**What you should do:**
Please give all of the data again, character for character, and drop the pictures.

**Dataset extract:**

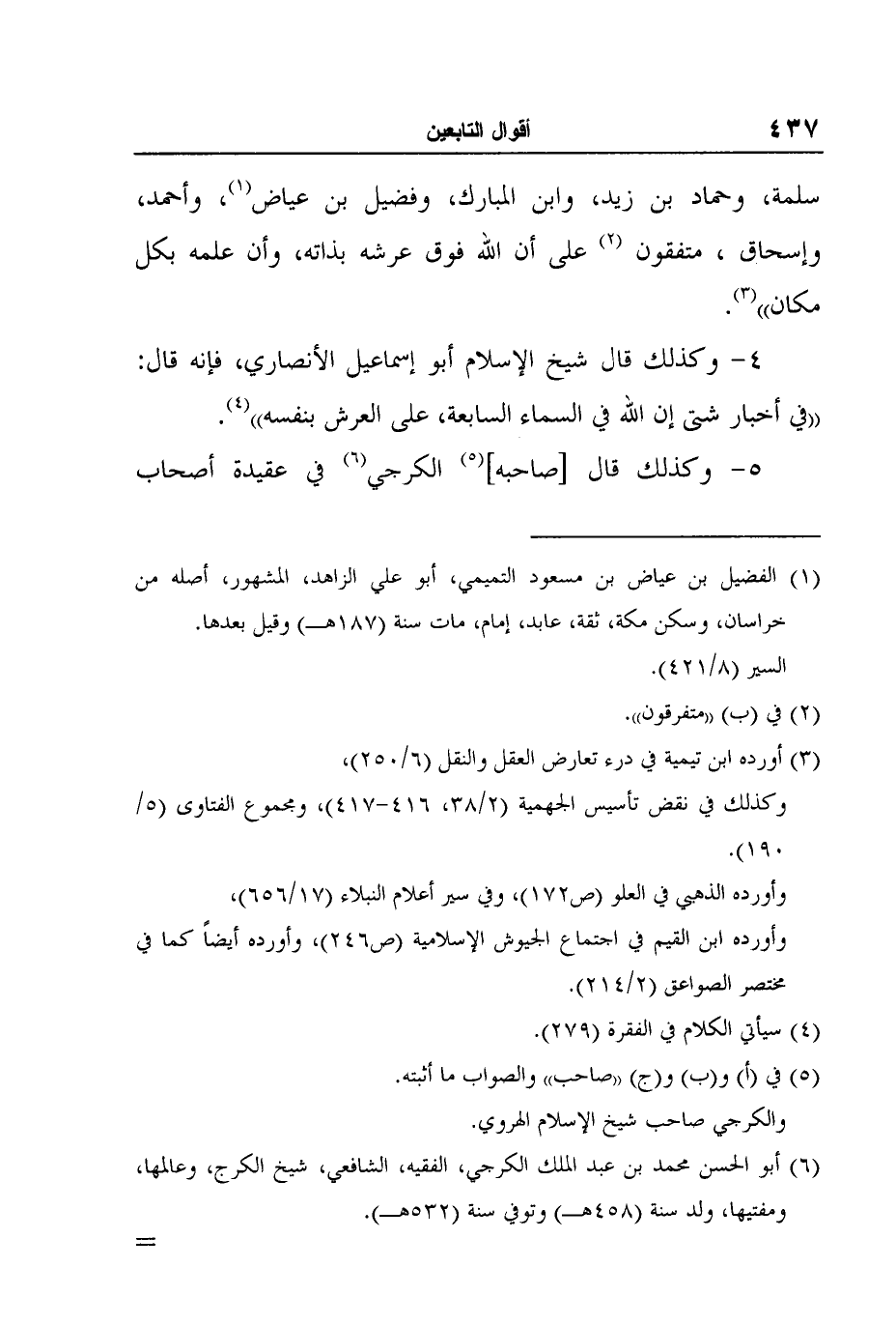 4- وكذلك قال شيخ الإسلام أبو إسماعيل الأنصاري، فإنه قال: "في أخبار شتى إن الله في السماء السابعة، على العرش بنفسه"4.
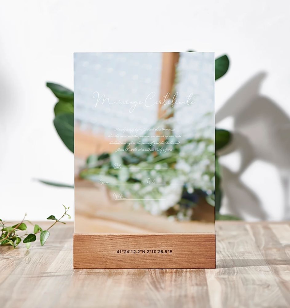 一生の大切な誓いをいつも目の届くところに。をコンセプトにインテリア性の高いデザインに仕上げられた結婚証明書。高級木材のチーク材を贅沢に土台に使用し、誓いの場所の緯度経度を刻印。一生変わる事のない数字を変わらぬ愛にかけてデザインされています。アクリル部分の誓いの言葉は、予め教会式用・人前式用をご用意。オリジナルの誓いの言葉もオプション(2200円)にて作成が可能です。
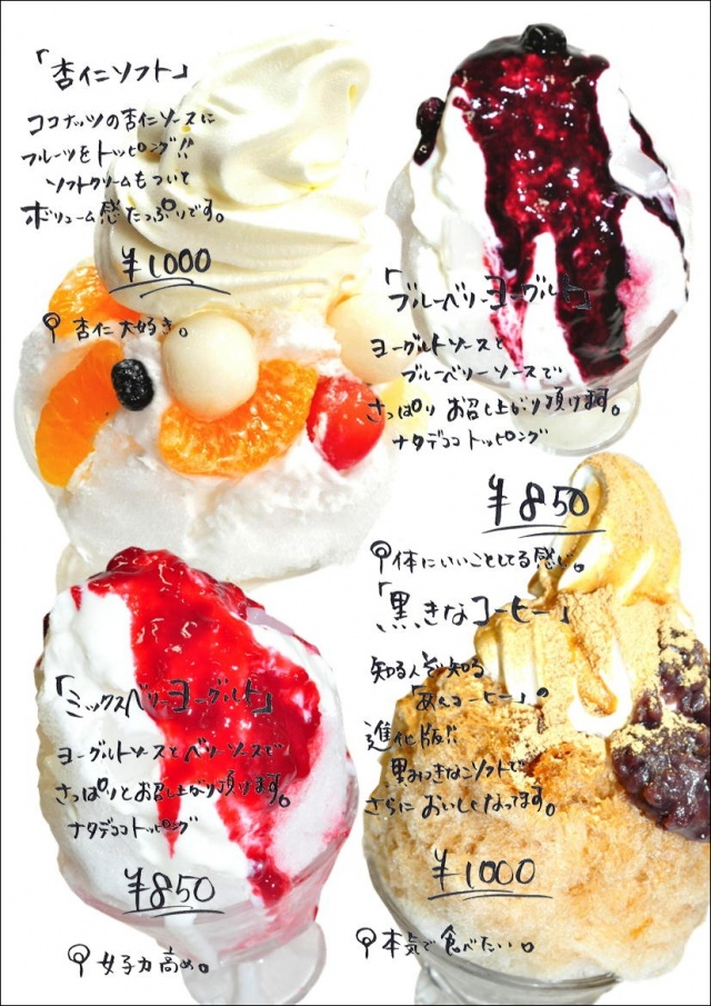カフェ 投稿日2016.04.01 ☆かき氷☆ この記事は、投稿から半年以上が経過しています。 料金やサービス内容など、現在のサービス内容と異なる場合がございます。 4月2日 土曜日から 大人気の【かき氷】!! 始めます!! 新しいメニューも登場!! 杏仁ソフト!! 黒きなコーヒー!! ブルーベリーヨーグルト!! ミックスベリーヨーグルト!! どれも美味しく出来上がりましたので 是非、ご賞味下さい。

**Exercise result:**
 4- وكذلك قال شيخ الإسلام أبو إسماعيل الأنصاري، فإنه قال: "في أخبار شتى إن الله في السماء السابعة، على العرش بنفسه"4.
 一生の大切な誓いをいつも目の届くところに。をコンセプトにインテリア性の高いデザインに仕上げられた結婚証明書。高級木材のチーク材を贅沢に土台に使用し、誓いの場所の緯度経度を刻印。一生変わる事のない数字を変わらぬ愛にかけてデザインされています。アクリル部分の誓いの言葉は、予め教会式用・人前式用をご用意。オリジナルの誓いの言葉もオプション(2200円)にて作成が可能です。
カフェ 投稿日2016.04.01 ☆かき氷☆ この記事は、投稿から半年以上が経過しています。 料金やサービス内容など、現在のサービス内容と異なる場合がございます。 4月2日 土曜日から 大人気の【かき氷】!! 始めます!! 新しいメニューも登場!! 杏仁ソフト!! 黒きなコーヒー!! ブルーベリーヨーグルト!! ミックスベリーヨーグルト!! どれも美味しく出来上がりましたので 是非、ご賞味下さい。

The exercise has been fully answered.